On Tuesday, August 30, the Brazilian Superior Electoral Court (TSE) decided unanimously to prohibit the carrying of weapons in the vicinity of polling stations and Electoral Justice buildings throughout the country during the two rounds of the imminent general elections.

This prohibition will have a total duration of four days during the celebration of each election day – comprising the 48 hours before the opening of the polling stations, the day of voting, and the day after -, which will take place on October 2 and 30, reported Folha de S.Paulo.

The TSE’s decision came after a request from the federal deputy of the Workers’ Party (PT), Alencar Santana.

Next October 2 and 30, Brazilians are called to go to the polls to elect the next president of the country.
Next October 2 and 30, Brazilians are called to go to the polls to elect the country’s next president. (Photo: internet reproduction)

According to Santana, “elections are the very heart of democracy,” and, therefore, the prohibition of the presence of armed people in polling stations is intended to protect the exercise of suffrage from any threat, concrete or potential, regardless of its origin.

“If this is not allowed even for public security agents, even when they are on duty, it would not make the slightest sense to admit the presence or permanence of armed civilians in or near polling stations, if only because of the serious risk they represent for the citizenry,” the deputy added, according to the newspaper mentioned above.

In a statement, the Inspector General of Electoral Justice, Minister Mauro Campbell Marques, stressed that the decision does not go beyond what the Brazilian legal discipline already brings.

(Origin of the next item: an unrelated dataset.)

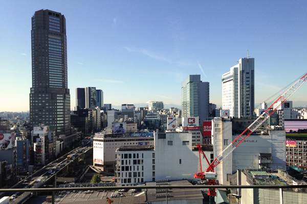 下の写真は、渋谷ヒカリエ11階から見た「渋谷の街」の風景です。澄んだ青空がとても気持ちがいいですね。注目していただきたいのは、写真中央のあたりです。

“We are here to give one more point of tranquility, of appeasement to the electorate at the time of the elections. That is what the Court is doing, fulfilling its constitutional and legal duty,” expressed the judge.

Next October 2 and 30, Brazilians are called to go to the polls to elect the country’s next president, all within the framework of elections marked by the polarization generated by the two leading candidates: the current president, Jair Bolsonaro; and the former president Luiz Inácio da Silva.